_GIVEN DATA_
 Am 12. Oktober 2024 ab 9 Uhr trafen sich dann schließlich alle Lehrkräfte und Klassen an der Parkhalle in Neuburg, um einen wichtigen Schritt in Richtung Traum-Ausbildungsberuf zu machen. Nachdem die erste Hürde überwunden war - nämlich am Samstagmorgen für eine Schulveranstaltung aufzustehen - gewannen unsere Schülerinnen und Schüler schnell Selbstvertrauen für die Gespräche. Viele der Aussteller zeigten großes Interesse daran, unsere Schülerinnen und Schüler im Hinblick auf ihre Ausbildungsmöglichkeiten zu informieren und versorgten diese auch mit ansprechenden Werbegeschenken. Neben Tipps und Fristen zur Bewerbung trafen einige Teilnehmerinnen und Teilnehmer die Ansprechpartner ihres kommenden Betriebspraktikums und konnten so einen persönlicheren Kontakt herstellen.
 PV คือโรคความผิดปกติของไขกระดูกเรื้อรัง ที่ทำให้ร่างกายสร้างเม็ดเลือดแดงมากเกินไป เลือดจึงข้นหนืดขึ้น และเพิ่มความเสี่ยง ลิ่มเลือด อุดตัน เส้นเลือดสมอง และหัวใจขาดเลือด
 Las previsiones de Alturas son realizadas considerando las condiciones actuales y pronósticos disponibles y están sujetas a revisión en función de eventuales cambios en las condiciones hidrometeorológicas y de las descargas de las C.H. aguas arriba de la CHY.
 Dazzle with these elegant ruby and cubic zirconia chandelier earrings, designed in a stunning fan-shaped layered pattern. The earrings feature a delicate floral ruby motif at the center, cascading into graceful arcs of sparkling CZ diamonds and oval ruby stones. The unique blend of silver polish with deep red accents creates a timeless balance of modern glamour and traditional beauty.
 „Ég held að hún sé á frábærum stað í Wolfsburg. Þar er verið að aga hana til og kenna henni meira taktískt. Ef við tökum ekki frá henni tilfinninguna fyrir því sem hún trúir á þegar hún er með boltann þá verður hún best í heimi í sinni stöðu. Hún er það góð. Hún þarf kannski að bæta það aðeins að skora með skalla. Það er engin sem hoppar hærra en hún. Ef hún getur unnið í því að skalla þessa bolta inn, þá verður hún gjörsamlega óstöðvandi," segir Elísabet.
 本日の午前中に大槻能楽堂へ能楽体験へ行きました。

==

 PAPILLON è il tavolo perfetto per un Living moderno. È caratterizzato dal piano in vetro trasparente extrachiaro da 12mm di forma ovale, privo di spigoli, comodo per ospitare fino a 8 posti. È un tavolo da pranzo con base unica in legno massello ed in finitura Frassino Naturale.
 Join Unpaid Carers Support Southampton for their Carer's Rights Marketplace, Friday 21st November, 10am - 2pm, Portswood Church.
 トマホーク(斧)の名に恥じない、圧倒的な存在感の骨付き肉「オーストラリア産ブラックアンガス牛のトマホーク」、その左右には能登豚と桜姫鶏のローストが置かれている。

--

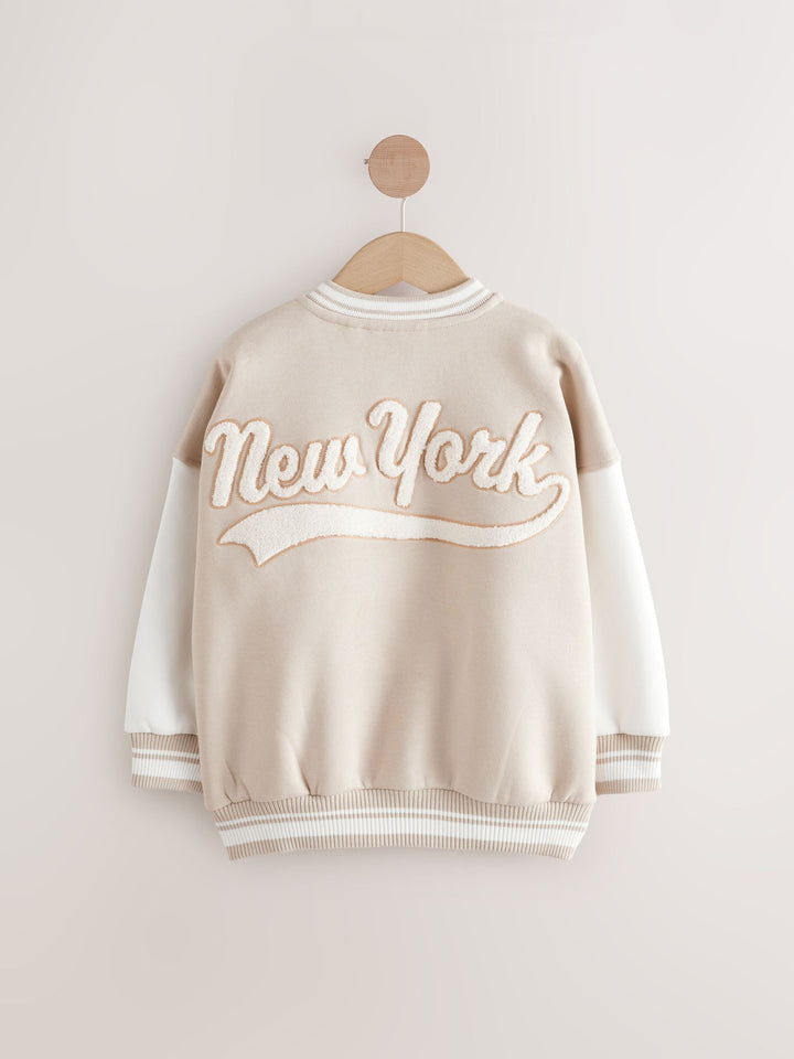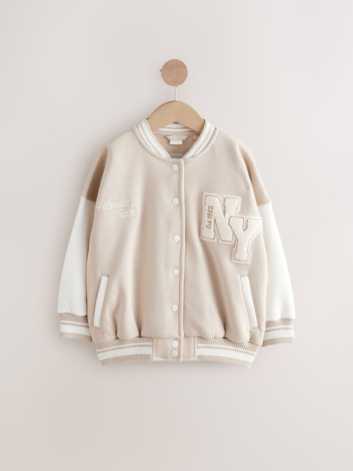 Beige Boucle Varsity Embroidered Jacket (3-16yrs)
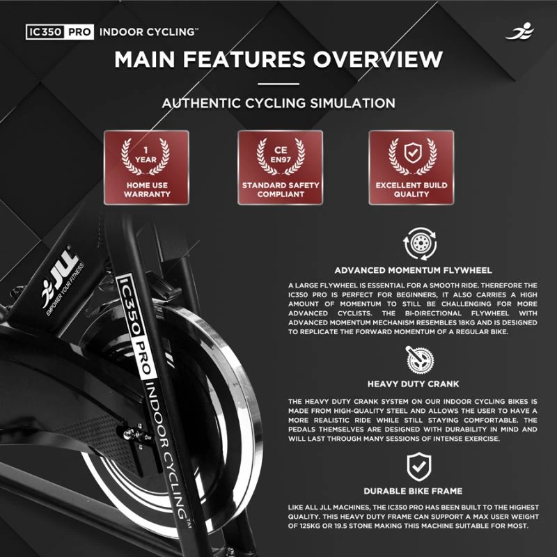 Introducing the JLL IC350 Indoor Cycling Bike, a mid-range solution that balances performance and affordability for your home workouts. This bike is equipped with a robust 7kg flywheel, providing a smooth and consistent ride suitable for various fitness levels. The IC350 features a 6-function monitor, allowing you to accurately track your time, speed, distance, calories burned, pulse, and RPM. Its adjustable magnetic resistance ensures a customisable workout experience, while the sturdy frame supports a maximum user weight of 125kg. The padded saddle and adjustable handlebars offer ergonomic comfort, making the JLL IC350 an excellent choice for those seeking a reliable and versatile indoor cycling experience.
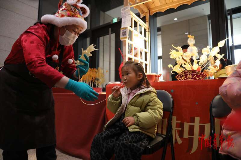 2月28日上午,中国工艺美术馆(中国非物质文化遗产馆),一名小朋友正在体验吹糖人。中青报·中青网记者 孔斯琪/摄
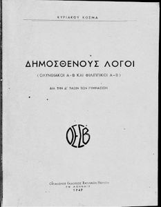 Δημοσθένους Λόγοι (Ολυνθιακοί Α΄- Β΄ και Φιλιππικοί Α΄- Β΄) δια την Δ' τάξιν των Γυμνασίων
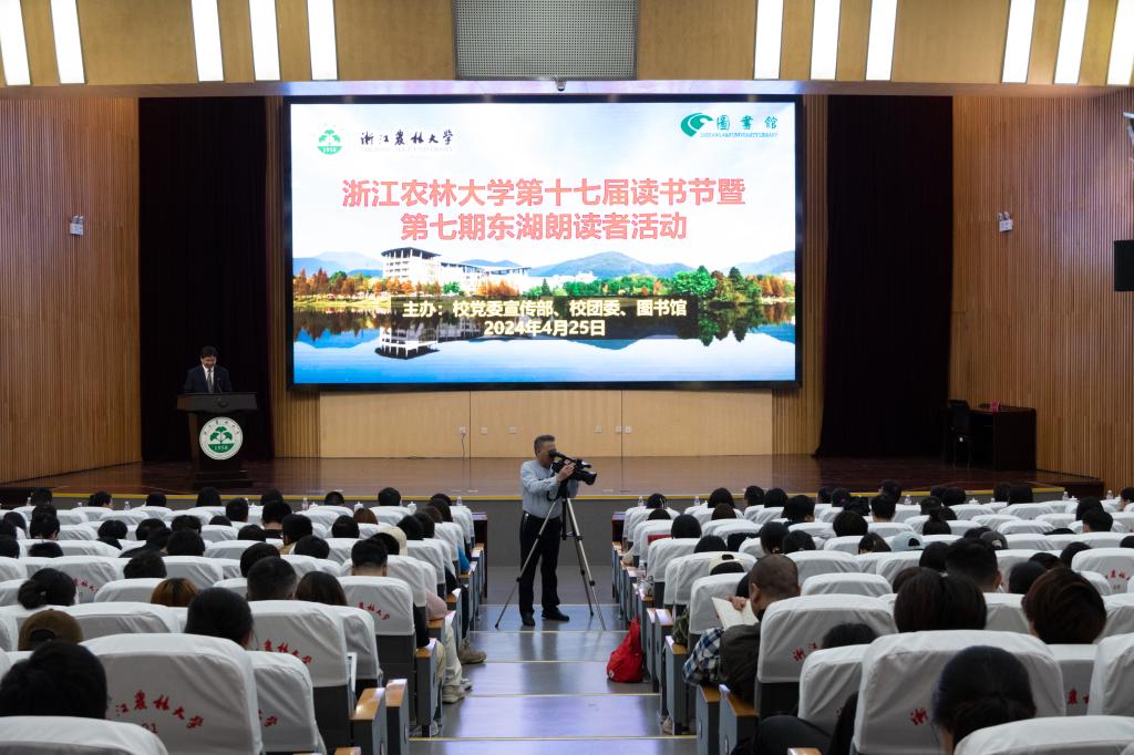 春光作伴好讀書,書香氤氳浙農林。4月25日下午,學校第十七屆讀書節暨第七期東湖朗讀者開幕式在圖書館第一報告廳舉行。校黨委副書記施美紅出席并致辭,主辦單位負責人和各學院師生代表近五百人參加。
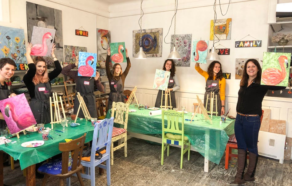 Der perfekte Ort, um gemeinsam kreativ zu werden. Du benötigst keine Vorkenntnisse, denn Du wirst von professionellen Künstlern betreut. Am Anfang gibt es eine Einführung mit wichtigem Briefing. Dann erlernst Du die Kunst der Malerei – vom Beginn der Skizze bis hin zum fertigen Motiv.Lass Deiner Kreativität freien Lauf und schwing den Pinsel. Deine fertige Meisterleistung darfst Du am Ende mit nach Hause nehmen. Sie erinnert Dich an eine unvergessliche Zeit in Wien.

_ASSIGNMENT_
Among the records above, a stretch begins at the line containing "Join Unpaid Carers" and ends at the line containing "トマホーク(斧)の名に恥じな". Restate that stretch word for word, and nothing else.

_SOLUTION TO THE PROBLEM_
 Join Unpaid Carers Support Southampton for their Carer's Rights Marketplace, Friday 21st November, 10am - 2pm, Portswood Church.
 トマホーク(斧)の名に恥じない、圧倒的な存在感の骨付き肉「オーストラリア産ブラックアンガス牛のトマホーク」、その左右には能登豚と桜姫鶏のローストが置かれている。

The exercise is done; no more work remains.